RECENZJA. To coś w starym, dobrym stylu... W dobie elektronicznej rozrywki, gdzie wszystko huczy i błyska, gra GreedFall (ukazała się 10 września na komputery PC oraz konsole playstation4, tudzież xbox one) oferuje spokojną, choć sensacyjną fabułę, wymagającą uwagi i rozwagi. Jak to w rasowym RPG-u bywa budowanie postaci i dokonywane wybory mają tu dalekosiężne skutki, z których najważniejszym jest uzyskanie jednego z czterech różnych zakończeń historii. Głównym zadaniem gracza jest odkrycie leku na chorobę toczącą mieszkańców metropolii, która najwyraźniej została przywieziona z zamorskiej prowincji. Nasz bohater udaje się więc do Nowego Świata, gdzie wśród kolonistów i tubylców prowadzi swoje śledztwo. Na każdym roku jest zaskakiwany, bo wyspa wypełniona jest nie tylko ludźmi, ale i potworami. Wydzieranie jej tajemnic (kłania się kultowy serial Lost) jest mozolne i wymaga używania nie tylko sprytu, ale też broni białej i palnej oraz magicznych trików.

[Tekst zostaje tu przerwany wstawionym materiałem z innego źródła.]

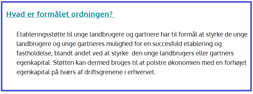 ”Landbrugsstyrelsen kan give tilskud til, at unge landbrugere eller unge gartnere etablerer sig med en landbrugsbedrift eller et gartneri.”
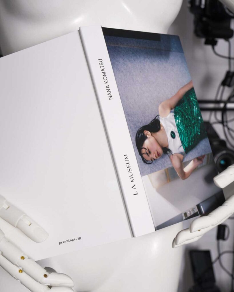 Photographed by E-WAX and styled by Ayaka Endo, with hair by Hayate Maeda and makeup by Asami Taguchi, the project was art-directed by Junsuke Yamasaki and book-designed by LAILA Co., Ltd. A companion photobook titled LA Museum Nana Komatsu—documenting the two-day 3D shoot held in January 2025—will be released on October 26, 2025 (JST). The cover features Komatsu in a sleeveless Pierre Cardin dress radiating a futuristic allure.
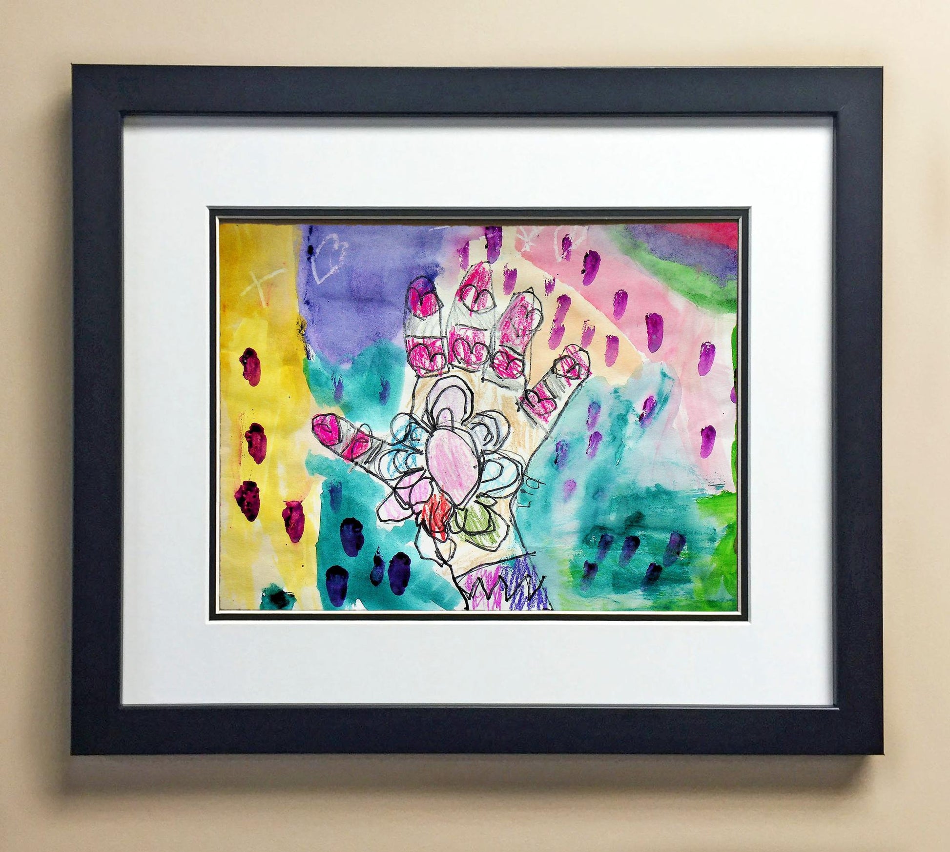 Included with the purchase is the Students Artwork, Frame, double matboard, shatter proof plexiglass, and a ready to hang backerboard with turnbuttons
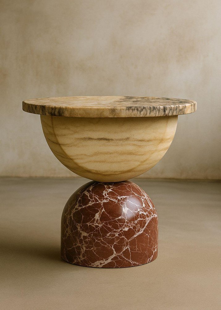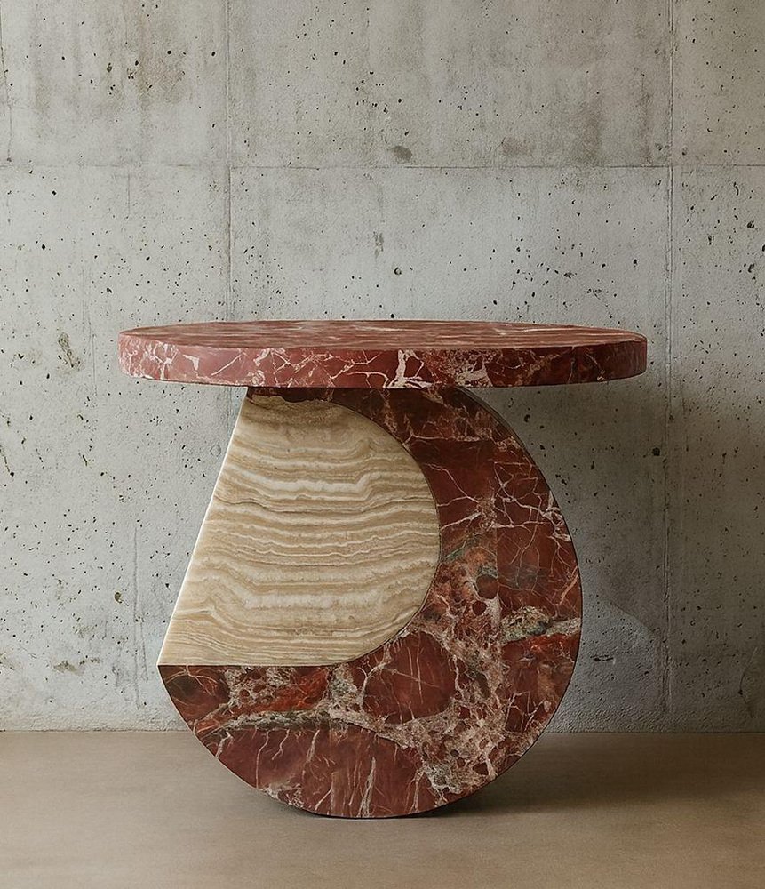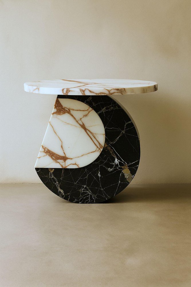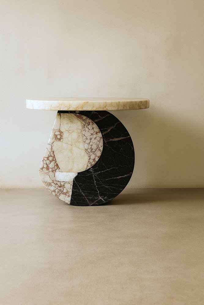 Moon Side Table in Marble & Onyx by Marsica Fossati Dimensions: Ø 55 x H 55 cm. Materials: Marble & onyx. Handcrafted in Italy, Mexico, or the USA. The series of artsy coffee tables blends stones and marbles featuring a feminine design characterized by graceful curves and organic shapes inspired by the mesmerizing phases of the moon. The elements of the tables are crafted with precision, embracing sinuous lines. The marble accents exude sophistication and refinement, mirroring the ethereal beauty of Moon's craters and valleys. The fusion of materials creates a harmonious juxtaposition of textures and tones. Marsica Fossati is an Italian designer and artist known for her eclectic creativity and meticulous attention to detail. She’s always inspired by the natural and mysticworld. Her practice has always been guided by a strong sensitivity to the relationship between form, material, and space, an approach that naturally extends into her artistic vision.
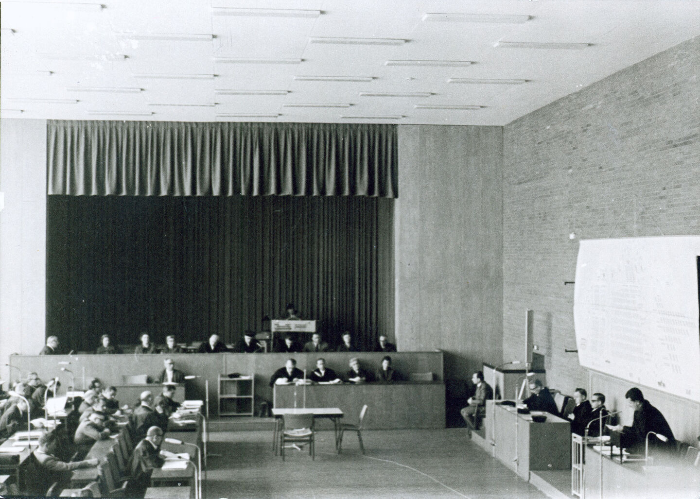 Blick in den Gerichtssaal des Haus Gallus während der Verhandlung des ersten Frankfurter Auschwitz-Prozesses, 1964/65
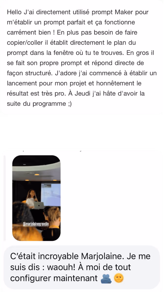 Un immense merci pour ce bootcamp sur l'IA. Grâce à tes conseils et tes outils, j'ai littéralement l'impression d'avoir pris l'autoroute des possibles dans mon secteur d'activité. Ce bootcamp va me permettre d'avancer trois fois plus vite et de gérer plusieurs projets à la fois, tout en les maîtrisant.

BYŁO NAS TRZECH. To gra dla jednej osoby (nie oferuje tzw. multiplayera), ale w trzech postaciach. Owszem, kierujemy tylko głównym bohaterem (możemy nie tylko wybrać jego płeć, a także ze szczegółami określić wygląd), ale niemal od początku zawsze w misjach towarzyszy nam dwóch (spośród pięciu do wyboru) towarzyszy, których – tak jak grywalną postać – możemy wyposażać w broń, magiczne pierścienie czy zbroję, choć nie możemy jednak nimi sterować (jedynie leczyć w trakcie walki). Ich pomoc jest jednak istotna, czasem nawet pozwala ustawiać się w roli obserwatora, a nie uczestnika walki. Każdego z towarzyszy dobrze jest wyposażyć w inne atuty, co umożliwia dostosowywanie składu swej drużyny do rodzaju zadania, jakie przed nami. Najważniejsze jest jednak budowanie własnej postaci, z której możemy uczynić wojownika z krwi i kości albo wręcz odwrotnie – wyniosłego maga. Jako, że charakter bohatera wykuwamy poprzez przydzielanie mu punktów rozwoju z trzech różnych kategorii (umiejętności, atrybuty, talenty), może też stać się każdym po trochu. Wybór przymiotów jest na wielu etapach gry powodem rozterek, bo uzyskiwane na jednym segmencie przewagi (np. inwestowanie w siłę oręża) skutkuje bolesnymi deficytami na innych polach (np. nie możemy się przecisnąć przez skalną szparę, co wymaga zwinności albo szybko przekonać interlokutora do swoich racji, co umożliwia rozwijanie charyzmy). To też jednak sprawia, że tę samą grę można rozgrywać na wiele sposobów. Miejsca i czasu na eksperymentowanie jest wiele, bo jednorazowe przejście gry zajmuje wiele czasu (nam 34,5 godziny).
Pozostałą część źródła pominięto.